Figure 7. — BMP signaling in the regenerating postischemic kidney is dynamic. (A) BMP signaling visualized by immunofluorescent staining for pSmad1/5/8 (red) shows the increase in signaling associated with recovery from ischemic injury. Proximal tubules are marked with lotus lectin (green) and nuclei with DAPI (blue). In the sham control, limited nuclear pSmad1/5/8 is seen in the cortex, and none can be seen in the outer medulla. After injury, nuclear pSmad1/5/8 can be seen in degenerating proximal tubules of the outer medulla. Extensive BMP signaling is maintained at 7 and 14 d after ischemia, at which point the majority of proximal tubule cells have been sloughed off and are being replaced. pSmad1/5/8 staining is prominent in cells repopulating proximal tubules of the outer medulla (arrows). At 20 d after injury, the level of signaling approaches baseline in the cortex and is again undetectable in the medulla. The sensitivity of the pSmad1/5/8 antibody in immunofluorescence is lower than in immunohistochemical assays, allowing clearer visualization of changes in signaling. (Supplemental Figure S3). (B) In homeostasis, BMP7 ligand emanating from the distal tubule and thick ascending limb is antagonized in the S3 segment of the proximal tubule by CHRDL1 in conjunction with Twisted gastrulation. In ischemic injury, the epithelium of the S3 segment is particularly prone to injury and death. As a result, CHRDL1 expression is reduced, with a concomitant reduction in the antagonism of BMP7 signaling. The resulting increase in BMP signaling is part of the regenerative process that rebuilds the tubule epithelia. As the cells of the recovering epithelia fully redifferentiate, a state of homeostasis is again achieved with BMP7 signaling antagonized by the presence of CHRDL1 and Twisted gastrulation.

DISCUSSION

In many cases, a process of self-repair begins almost immediately after acute ischemic injury. Within 24 h, epithelial cells begin to dedifferentiate, divide, and repopulate damaged tubules.²⁵^,²⁷^,⁴⁰ Developmental pathways are reactivated in this process,²⁴^,⁴⁰^,⁴¹ and BMP7, a potent regulator of renal development,¹^,³ displays protective effects in IRI as well as in other models of acute and chronic kidney injury.⁴^,⁵^,⁷^,⁹ Although there is a paucity of published data on the expression of BMPs other than BMP7 in the adult kidney, overlapping expression of multiple BMPs is anticipated, as has been demonstrated in the embryonic organ.⁴² Furthermore, circulating BMP9⁴³ may contribute to BMP signaling in the kidney. A complex system for the control of BMP signaling by both BMP antagonists and agonists is therefore required.⁴⁴ These modulators are essential to BMP function, and their inactivation strongly influences the kidney's response to acute and chronic injury.²¹^,⁴⁵ The response of the S3 segment to BMPs is of particular relevance to acute ischemic injury because this is the site of the most profound cellular damage. Using the IR model, we identified CHRDL1 as an S3 segment–specific modulator that selectively antagonizes BMP7.

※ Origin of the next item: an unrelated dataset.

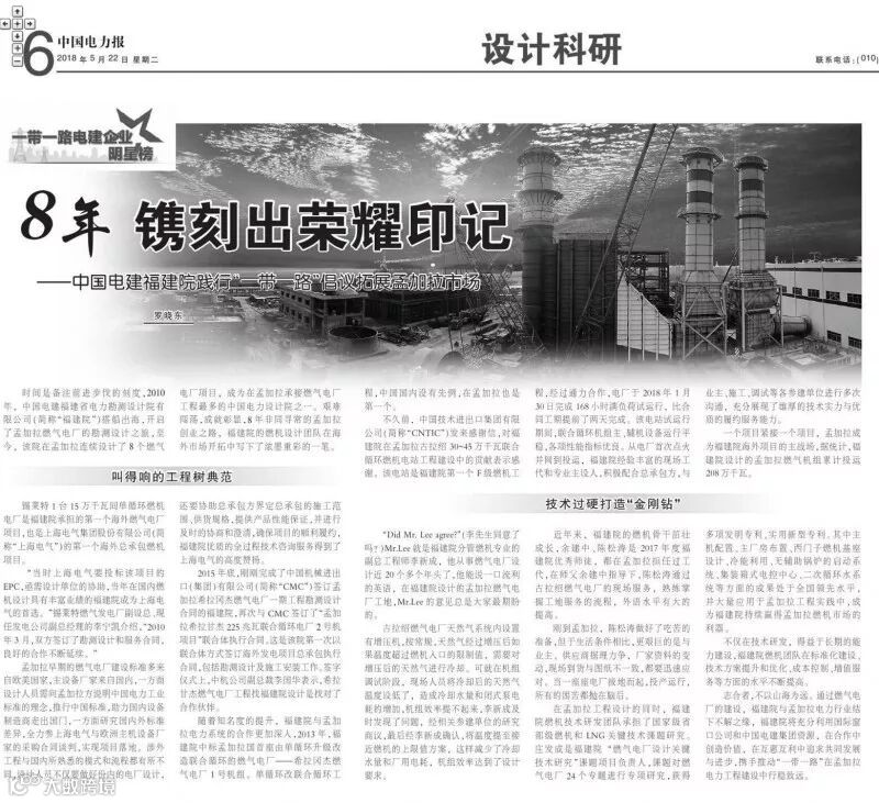 时间是备注前进步伐的刻度,2010年,中国电建福建省电力勘测设计院有限公司(简称“福建院”)搭船出海,开启了孟加拉燃气电厂的勘测设计之旅,至今,该院在孟加拉连续设计了8个燃气电厂项目,成为在孟加拉承接燃气电厂工程最多的中国电力设计院之一。艰难闯荡,成就彰显,8年非同寻常的孟加拉创业之路,福建院的燃机设计团队在海外市场开拓中写下了浓墨重彩的一笔。
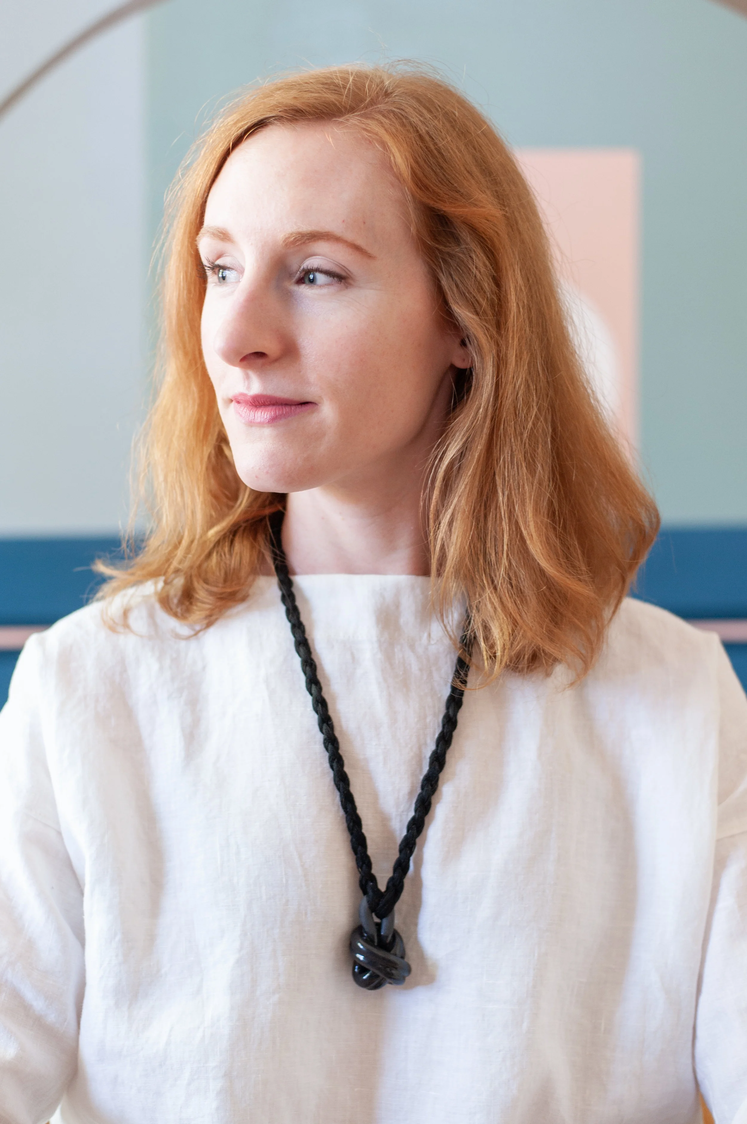 Knotted black porcelain, glazed on hand dyed 100% cotton cord in black. 28” long

Previous reports identified CHRDL1 as a BMP antagonist in Xenopus.⁴⁶^–⁴⁸ Although no comparison of CHRDL1 orthologs has been published, substantial species differences seem likely. For example, physical association studies showed that chick CHRDL1 binds to BMP4 but not to BMP7,⁴⁶ whereas mouse and human CHRDL1 bind to BMP4⁴⁹ and mouse CHRDL1 to BMP5 and BMP6.⁴⁷ In a functional osteoblast differentiation assay, rat CHRDL1 binds to and antagonizes BMP7 but not BMP2.⁵⁰ In our studies, we demonstrate that human CHRDL1 binds BMP7 in the presence of TWSG1 and ascribe a function to human CHRDL1 similar to that reported for rodent CHRDL1. Furthermore, we define for the first time a role for TWSG1 in CHRDL1-mediated antagonism of BMP7, suggesting the intriguing possibility that distinct fields of BMP signaling in the adult kidney may be established through interaction of these three proteins. Chordin, in association with TWSG1, binds with and antagonizes BMP4. This inactive complex can subsequently be reactivated by metalloproteases such as tolloid that cleave Chordin between its cysteine-rich domains.¹⁶^,⁵¹^,⁵² CHRDL1, in conjunction with TWSG1, may establish a similar gradient for BMP7: CHRDL1 and TWSG1 would antagonize BMP7 (Figure 4) while allowing diffusion and possibly metalloprotease reactivation of BMP signaling at remote sites. Indeed, CHRDL1 contains cleavage sites between its cysteine-rich domains, indicating that it may be subject to metalloprotease cleavage similar to chordin.⁴⁷ BMP7 is produced by the distal tubule and collecting duct,¹¹^,¹⁹ whereas CHRDL1 is secreted by the adjacent proximal tubule (Figures 2 and 3), establishing opposing gradients of these two proteins. Both in situ hybridization²⁰^,³⁵ and immunostaining (Figure 4E) assays indicate that Twsg1 is expressed in the renal epithelia. Thus, it is anticipated that the proximal tubule of the healthy kidney is subject to the greatest BMP7 antagonism by CHRDL1/TWSG1. Extracellular matrix is rich in metalloproteases, including the Tolloid ortholog BMP1,⁵³ and it is possible that the BMP7-antagonistic properties of CHRDL1 and TWSG1 originating in the proximal tubule are counteracted in the interstitium. Thus fibroblasts, endothelia, pericytes, and inflammatory cells may experience degrees of BMP7 signaling differing significantly from those in the proximal tubule.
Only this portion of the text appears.